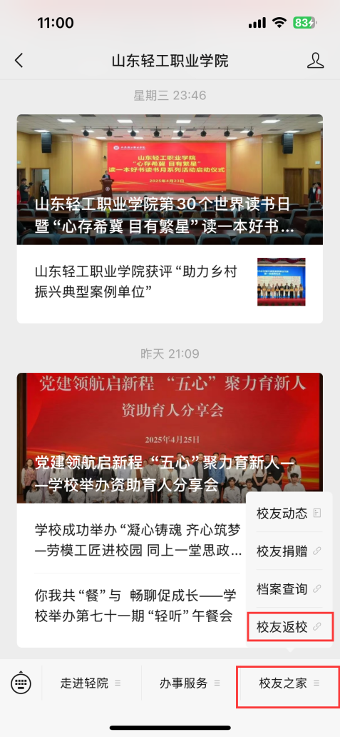 第二步:点击发送消息后进入微信公众号页面,点击校友之家栏目中的校友返校。
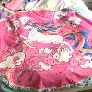 Round Unicorn Beach Towel with Tassels, Large Microfiber Mandala Sandproof Beach Blanket, Designer Hand-Drawn Magic Unicorn Bath Towel
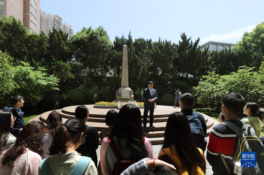 在上海交通大學(xué)校園里的史霄雯、穆漢祥烈士墓前,劉統(tǒng)教授在講述兩位烈士犧牲的歷史經(jīng)過(2019年5月7日攝)。新華社記者劉穎攝
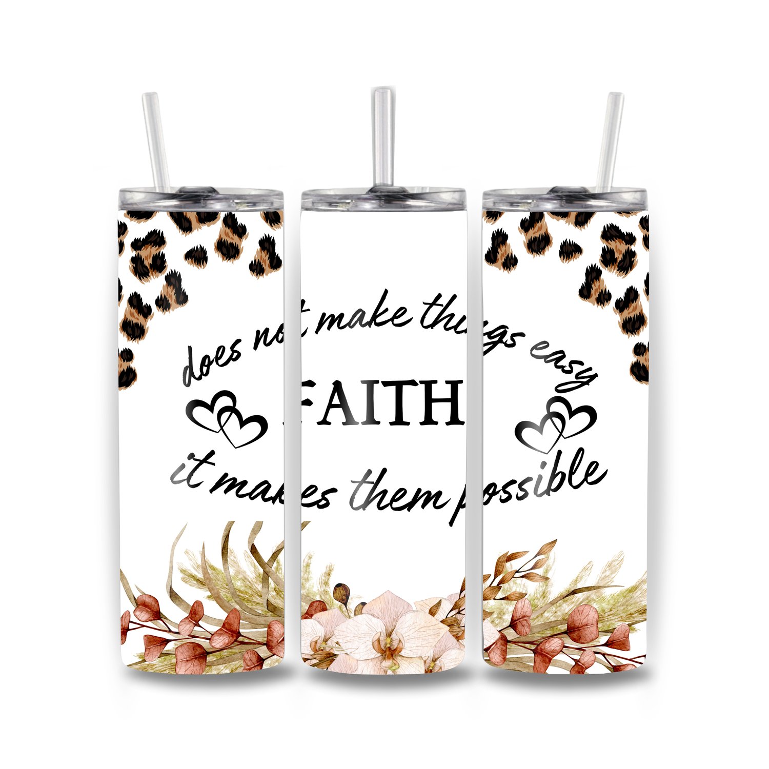 Bring your faith and style together with this beautiful 20oz tumbler! Designed with a chic leopard print, soft neutral florals, and the uplifting quote:
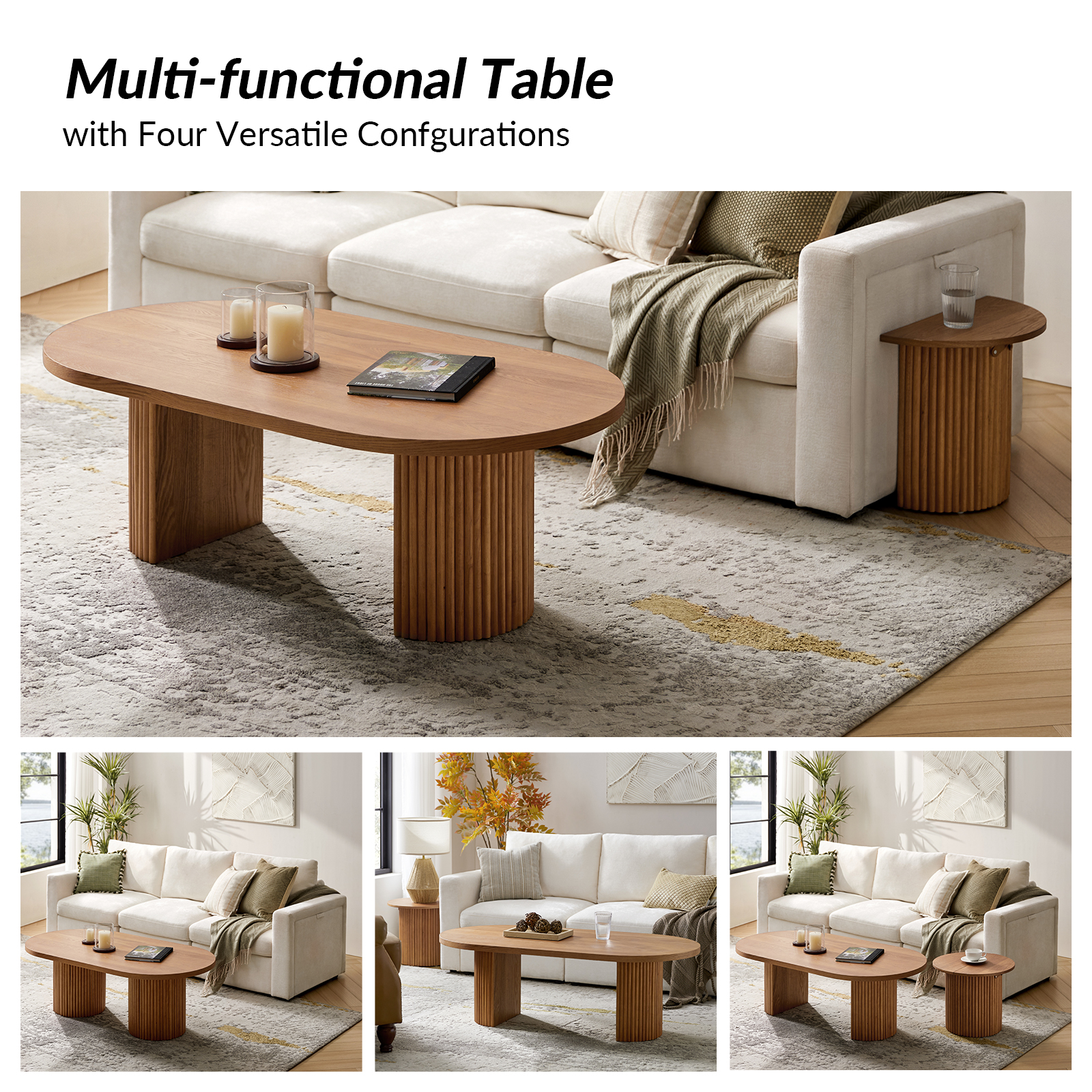 This modern coffee table is a stylish and functional centerpiece for any living room. Featuring a solid wood base, this table adds texture and a touch of craftsmanship to your space. The round legs have a unique twist: the inner semi-circular pieces can be detached and reassembled into a small side table, providing extra flexibility. Adjustable feet ensure stability, while elegant brass leather handles enhance its refined look.
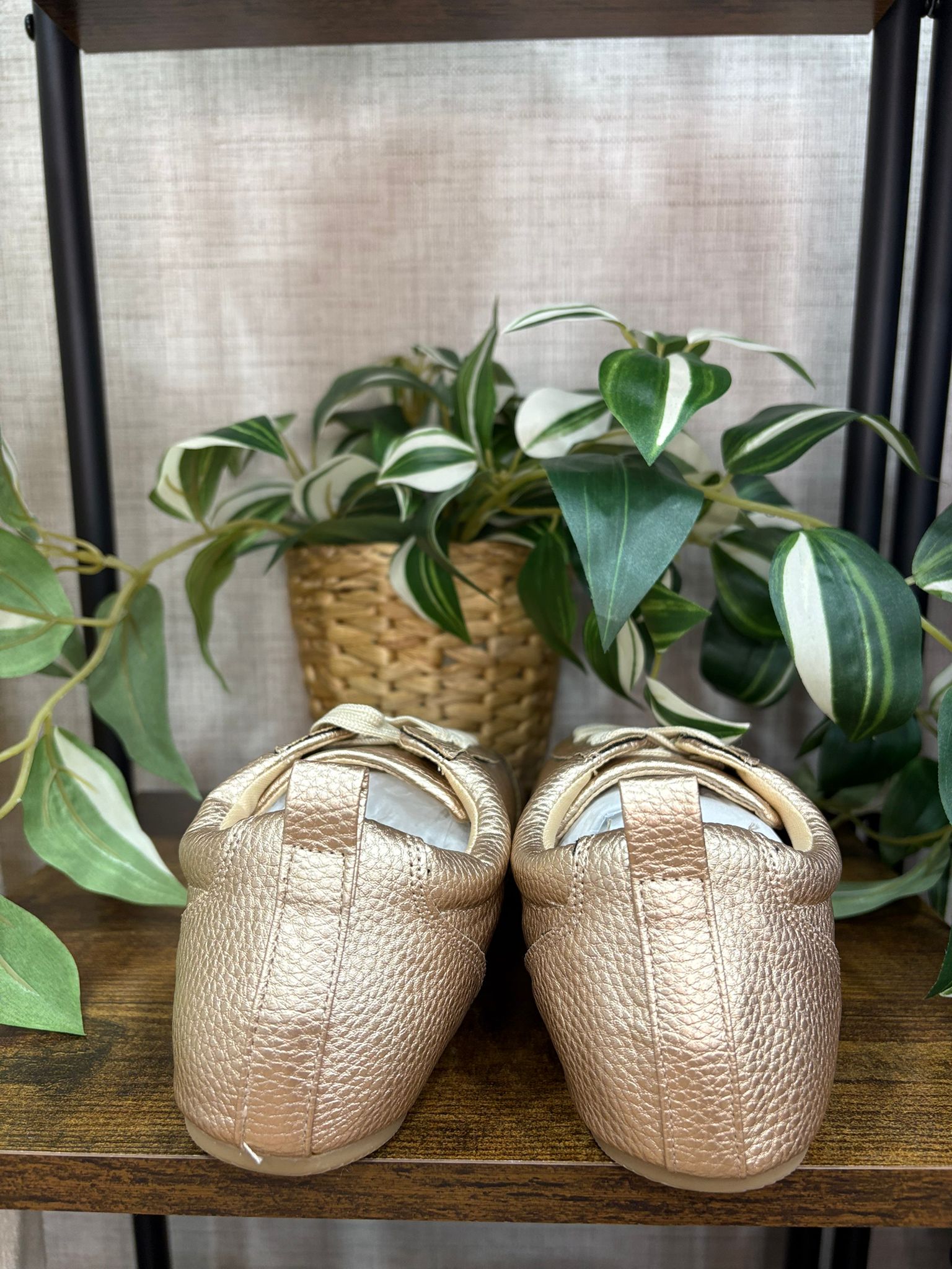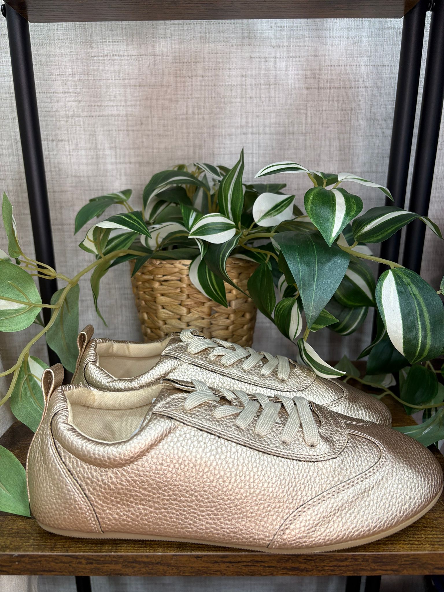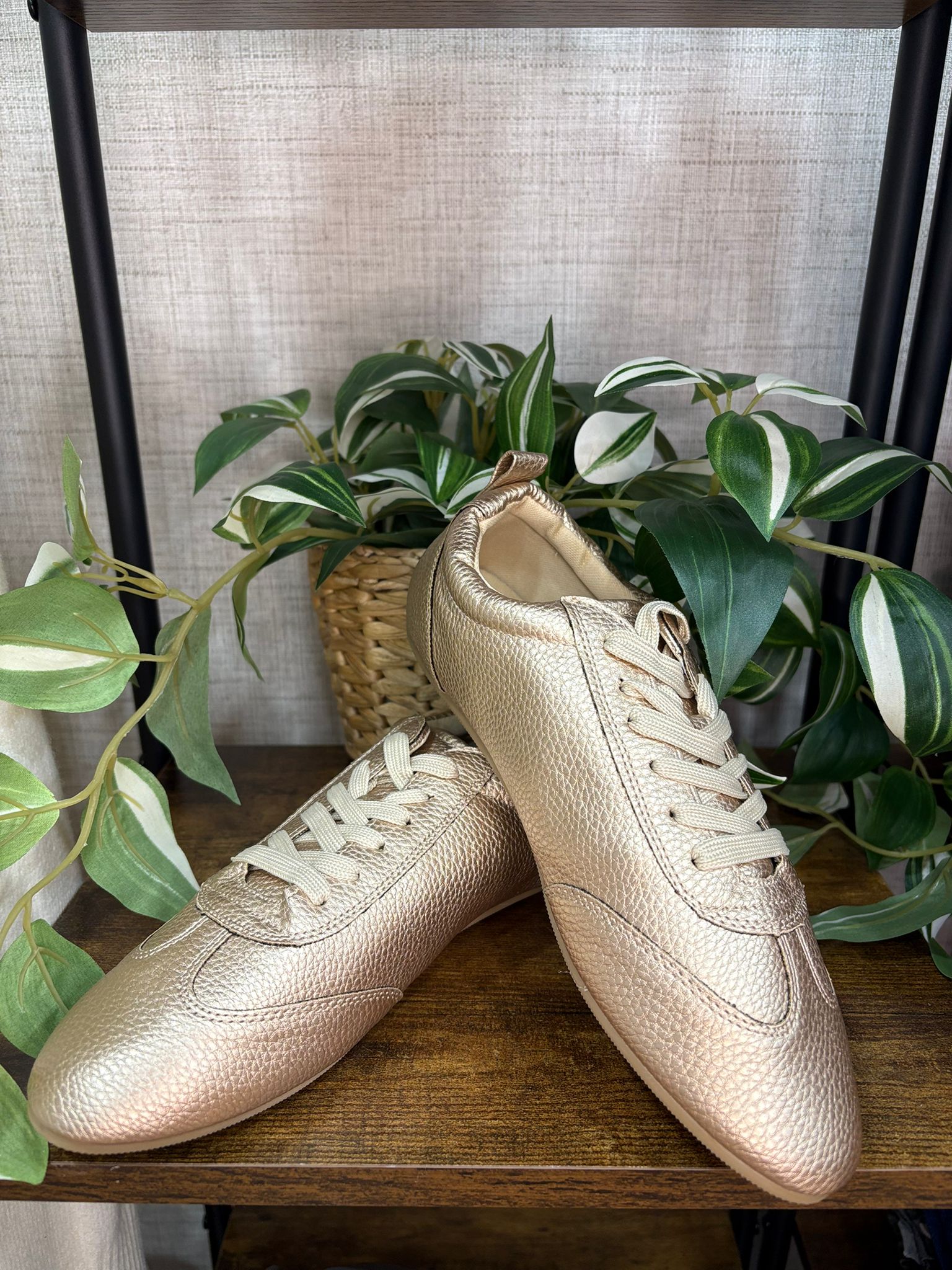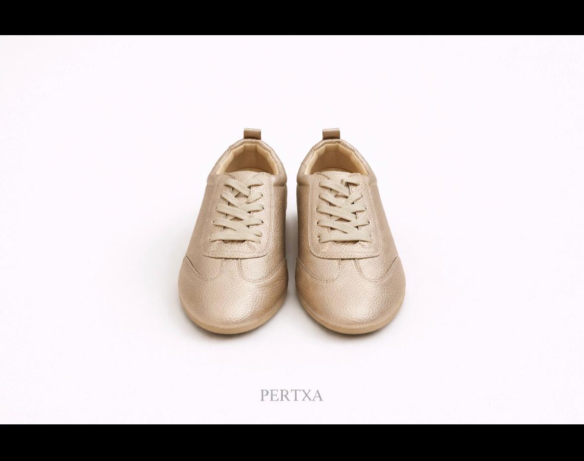 Zapatillas de piel sintética en color dorado, cómodas y modernas. Con cordones para un ajuste seguro, perfectas para aportar un toque brillante y sofisticado a tus looks diarios.
************
* _Work task_
Transcribe the lines that run from the line bearing "Bring your faith" through the last line of the data. Keep the wording exact and leave out every picture.

* _Problem solution_
 Bring your faith and style together with this beautiful 20oz tumbler! Designed with a chic leopard print, soft neutral florals, and the uplifting quote:
 This modern coffee table is a stylish and functional centerpiece for any living room. Featuring a solid wood base, this table adds texture and a touch of craftsmanship to your space. The round legs have a unique twist: the inner semi-circular pieces can be detached and reassembled into a small side table, providing extra flexibility. Adjustable feet ensure stability, while elegant brass leather handles enhance its refined look.
 Zapatillas de piel sintética en color dorado, cómodas y modernas. Con cordones para un ajuste seguro, perfectas para aportar un toque brillante y sofisticado a tus looks diarios.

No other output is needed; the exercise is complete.